### THE INPUT

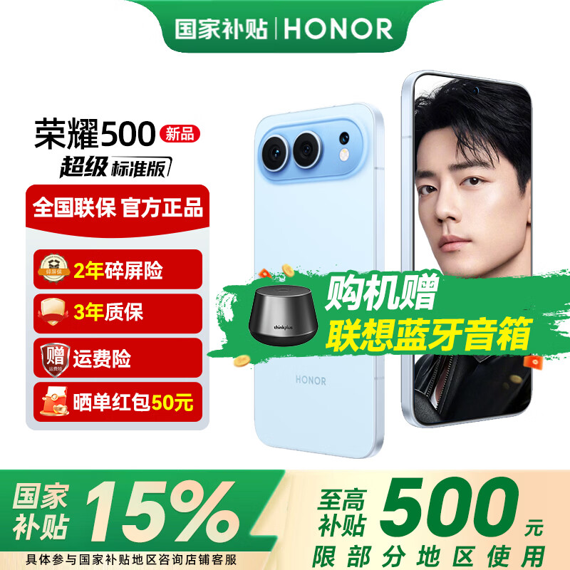 荣耀500 新品5G手机 超级标准版 【肖战同款】2亿人像全能实况 海蓝宝 12GB+256GB 官方标配
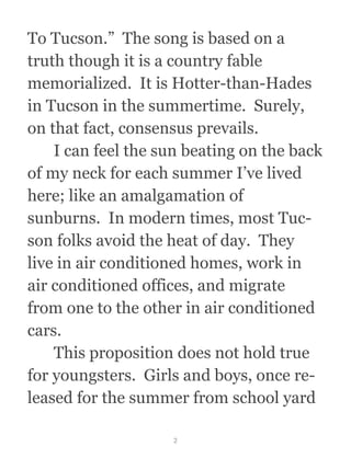 This document provides a first-person account of the author's experience playing catcher for the Tucson Federal Savings little league baseball team in the summer of 1962. Some key details:
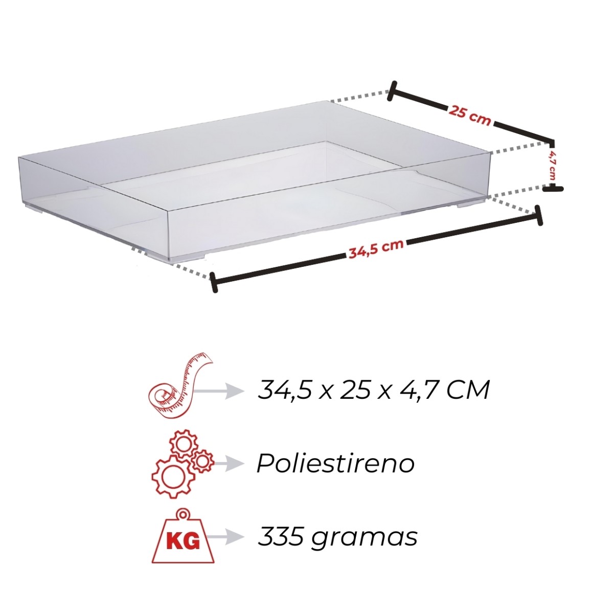 Feita de poliestireno transparente de alta qualidade, esta bandeja é resistente e durável, garantindo uma longa durabilidade. Sua transparência permite visualizar facilmente o conteúdo da bandeja, facilitando a localização dos itens armazenados.
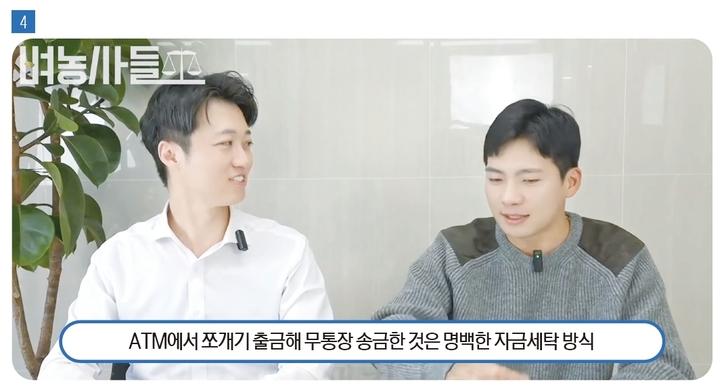 조변: 돈 처리 방식이 결정적이었어요. 받은 현금을 ATM에서 100만원씩 쪼개서 피고인이 전혀 모르는 타인의 명의로 무통장 송금했거든요. 이건 명백한 자금세탁 방식이에요. 피해자를 만나기 직전에서야 인상착의를 전달받는 것도 정상적인 업무가 아니고요.
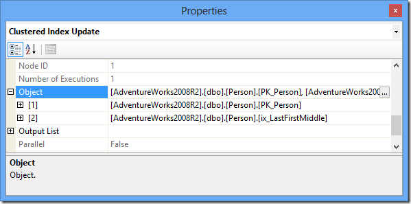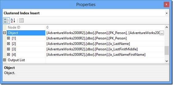If you highlight the Clustered Index Insert operator and hit F4 you can see its properties. Scroll down to the Object node and expand it. Here you can see all that our non-clustered indexes are also being modified by the insert.
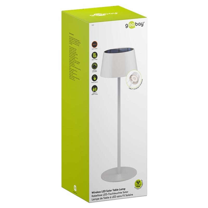 • Goobay Wireless LED-Solartischlampe - Warmweiß 3000 K, 150 lm, Touch-Steuerung, stufenlos dimmbar, Solar- und USB-C-Aufladung, IP44
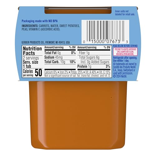 Gerber Stage 2 Baby Food, Carrot Sweet Potato Pea Puree Tubs are a premium choice for your child’s early stages. Crafted to help support their nutritional needs, along with meeting the busy lifestyle needs of caretakers and parents. Each baby puree tub is made in a portable, easy-to-store format – making it perfect for life’s busy moments. This stage 2 baby food puree is designed for babies who are 6 months + and are ready to explore new textures and flavors. Gerber understands the importance of providing wholesome ingredients during the crucial developmental stages of your child's life -- that’s why these tubs are Non-GMO Project Verified. This vegetable baby food puree has no added salt, and no artificial flavors or colors. They need to be refrigerated after opening and must be used after 1 day. Gerber baby puree is ideal for parents who seek a convenient and high-quality option in their baby's diet.
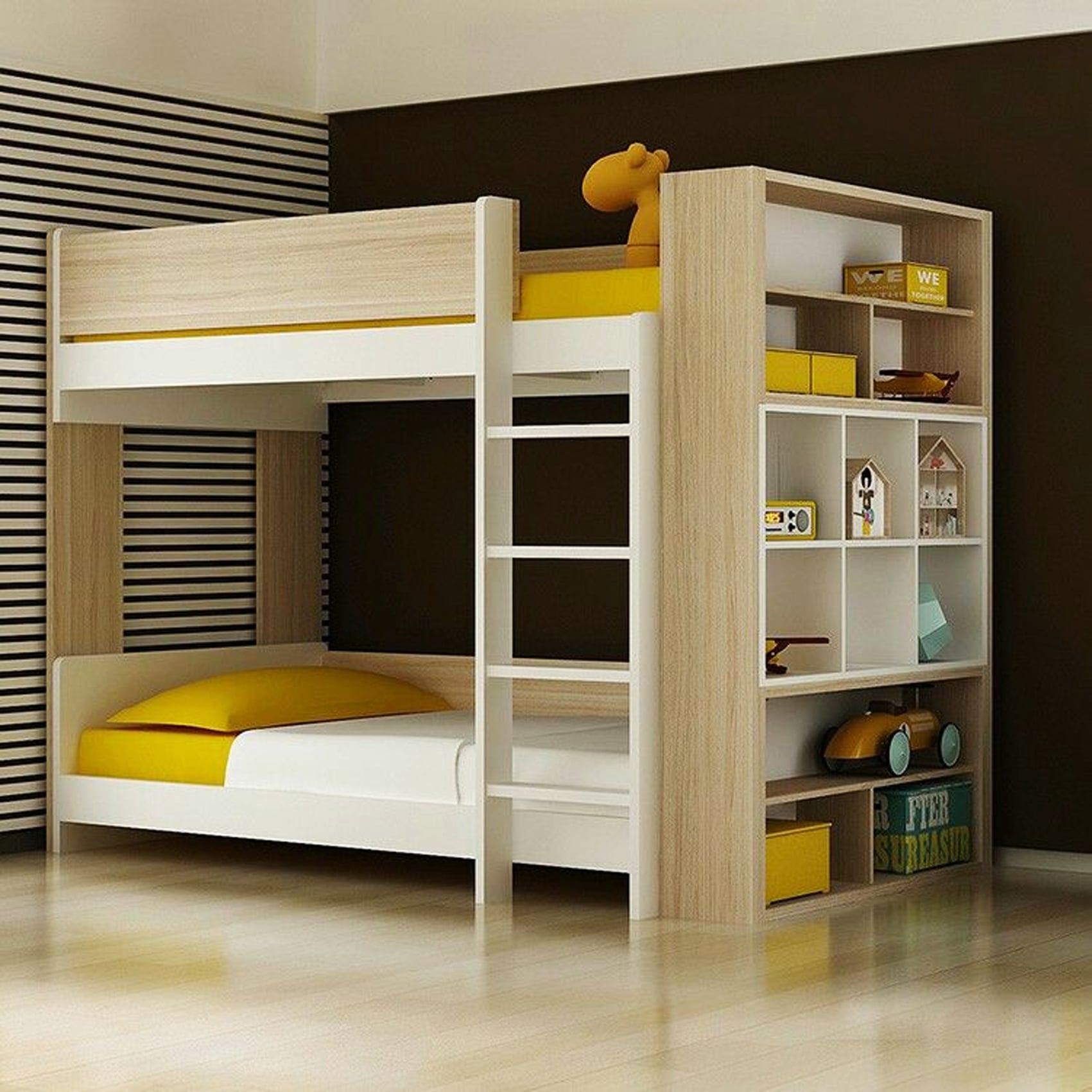 Giường tầng hiện đại là thiết kế mới cho không gian phòng ngủ. Giường tầng hiện đại kết hợp với kệ để đồ chơi, sách vở gọn gàng, tiện dụng. Giường được làm bằng chất liệu: MDF phủ melamine vân gỗ kết hợp màu trắng. Kích thước: D2350 xR1250xC1780mm. Sản phẩm được tính theo bộ. (không bao gồm chăn, gối, nệm, các vật dụng trên kệ).
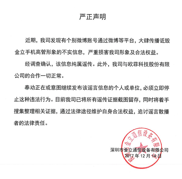 “經(jīng)調(diào)查確認(rèn),該消息純屬謠傳,此外,我司與歐菲科技股份有限公司的合作一切正常。”金立同時(shí)稱,公司已將所有謠傳證據(jù)截圖留存,計(jì)劃用法律途徑維護(hù)自身合法權(quán)益。
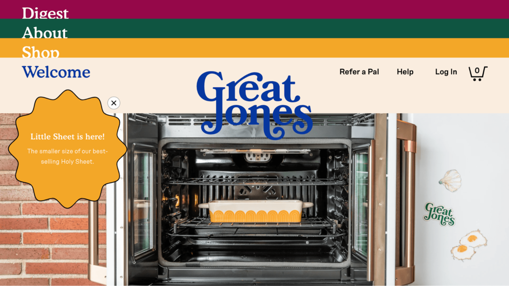 El sitio de Great Jones es un excelente ejemplo de esta práctica. Utiliza Cooper Black para el logotipo y los titulares, mientras que Hope Sans se reserva para los subtítulos, los enlaces y las citas.
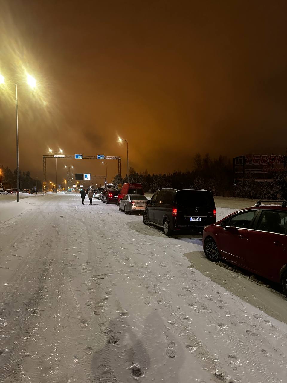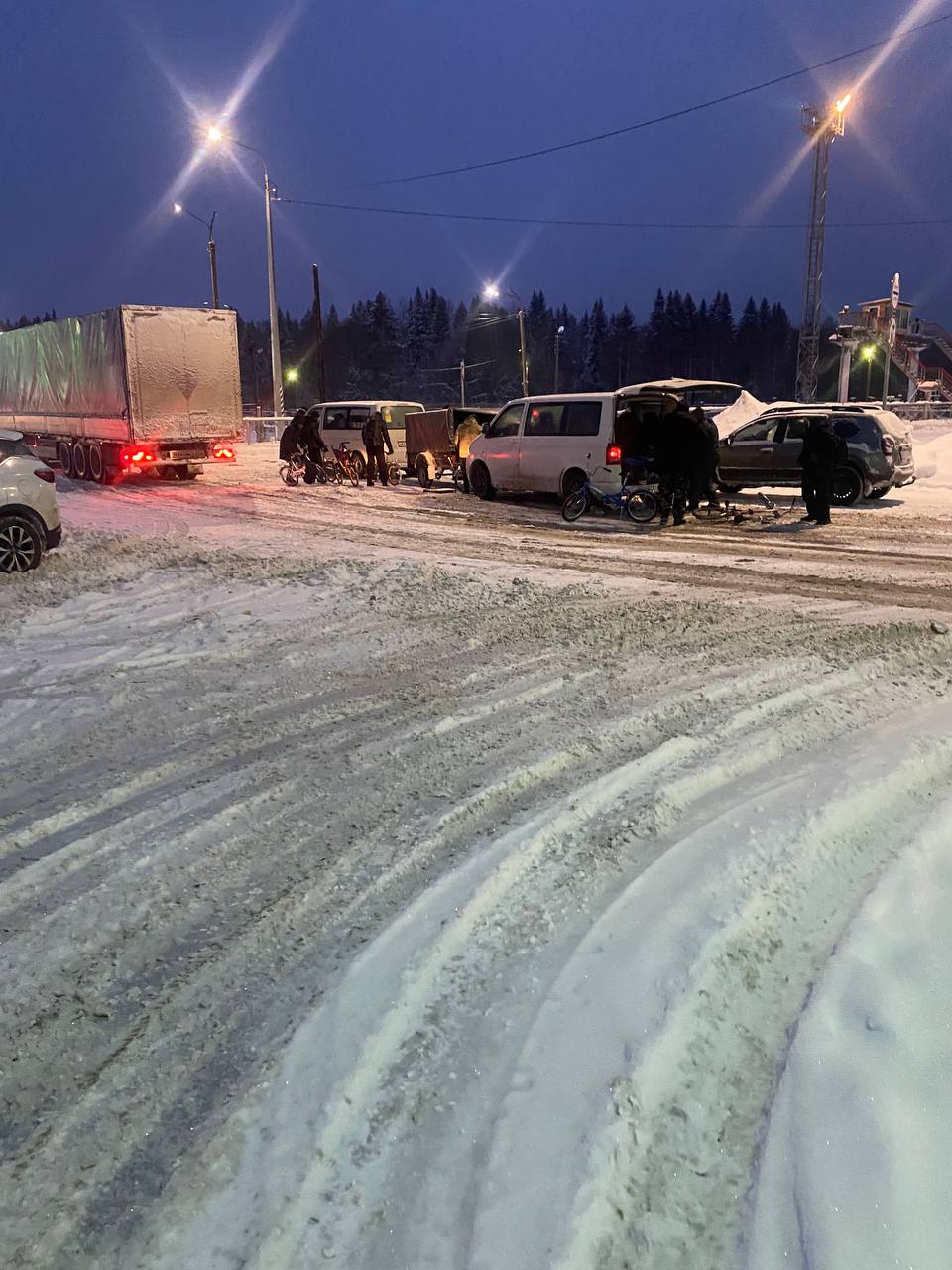 - В Вяртсиля к 10 утра на дороге в сторону Финляндии собралось около 100 машин. В одном из дорожных чатов опубликовали видео, на котором столпились люди с велосипедами. Автор ролика говорит, что им их продали за 500 долларов. Также в чатах появилось фото, на которых велосипеды выгружают из микроавтобусов. Велосипеды для пересечения границы как правило используют беженцы из стран Африки и Ближнего Востока, наплывом которых Финляндия и объясняла закрытие КПП.
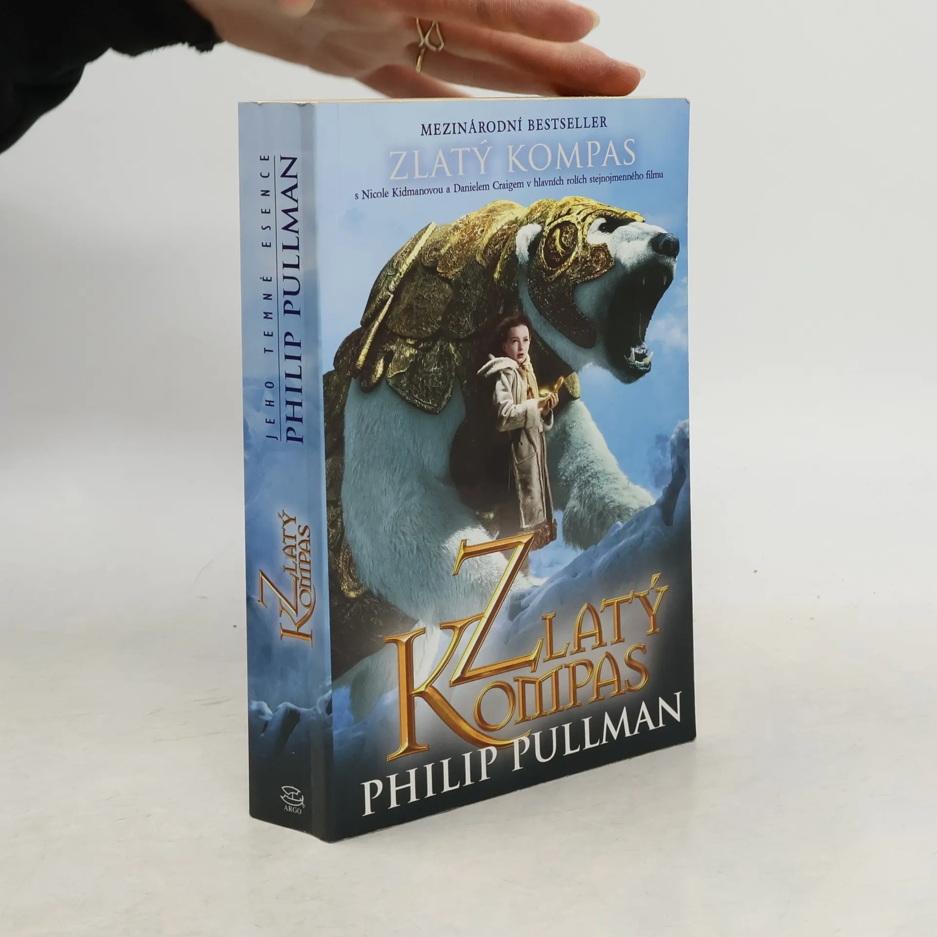 Brožované vydání prvního dílu rozsáhlé románové fantasy trilogie. V paralelním světě podobném tomu našemu žije dvanáctiletá Lyra. Každý člověk tam má svého daemona, který ho provází po celý život a je jakýmsi vnějším zpodobněním jeho povahy, a žijí tu i jiné podivuhodné bytosti, například mluvící medvědí kyrysníci nebo půvabné divoženky létající na borových větvích. Lyra s jejich pomocí putuje daleko na sever, aby zachránila svého kamaráda Rogera a další děti, které unesli obávaní Vrahouni. Na cestě ji provází alethiometr, přístroj podobný zlatému kompasu, který tomu, kdo s ním umí zacházet, odpoví na každou otázku…
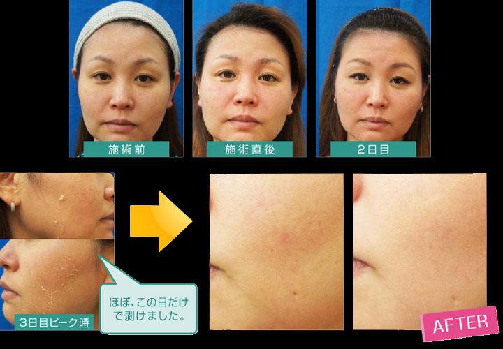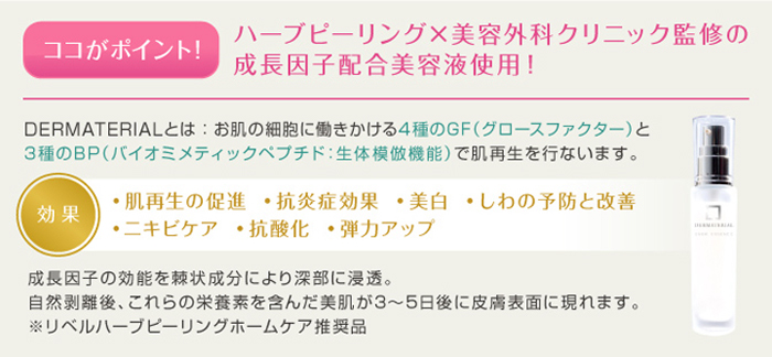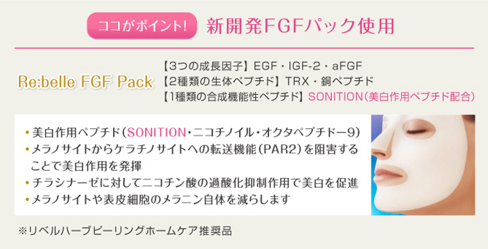 ③ 成長因子100%美容液(ダーマテリアル)を真皮にまで届けることでターンオーバーを促進、自然剥離を起こしやすくし、効果を増大させます。さらに、高濃度の成長因子が高濃度・高配合されたベルクリニックオリジナルパックで全ての効果を閉じ込め、お肌の鎮静・修復・再生化を図ります。

### PROBLEM
Look above for the line with "Feita de poliestireno", then print it and each line after it down to and including the line with "und USB-C-Aufladung, IP44". Leave out the pictures and keep the wording exact.

### EXERCISE OUTPUT
 Feita de poliestireno transparente de alta qualidade, esta bandeja é resistente e durável, garantindo uma longa durabilidade. Sua transparência permite visualizar facilmente o conteúdo da bandeja, facilitando a localização dos itens armazenados.
 조변: 돈 처리 방식이 결정적이었어요. 받은 현금을 ATM에서 100만원씩 쪼개서 피고인이 전혀 모르는 타인의 명의로 무통장 송금했거든요. 이건 명백한 자금세탁 방식이에요. 피해자를 만나기 직전에서야 인상착의를 전달받는 것도 정상적인 업무가 아니고요.
If you highlight the Clustered Index Insert operator and hit F4 you can see its properties. Scroll down to the Object node and expand it. Here you can see all that our non-clustered indexes are also being modified by the insert.
 • Goobay Wireless LED-Solartischlampe - Warmweiß 3000 K, 150 lm, Touch-Steuerung, stufenlos dimmbar, Solar- und USB-C-Aufladung, IP44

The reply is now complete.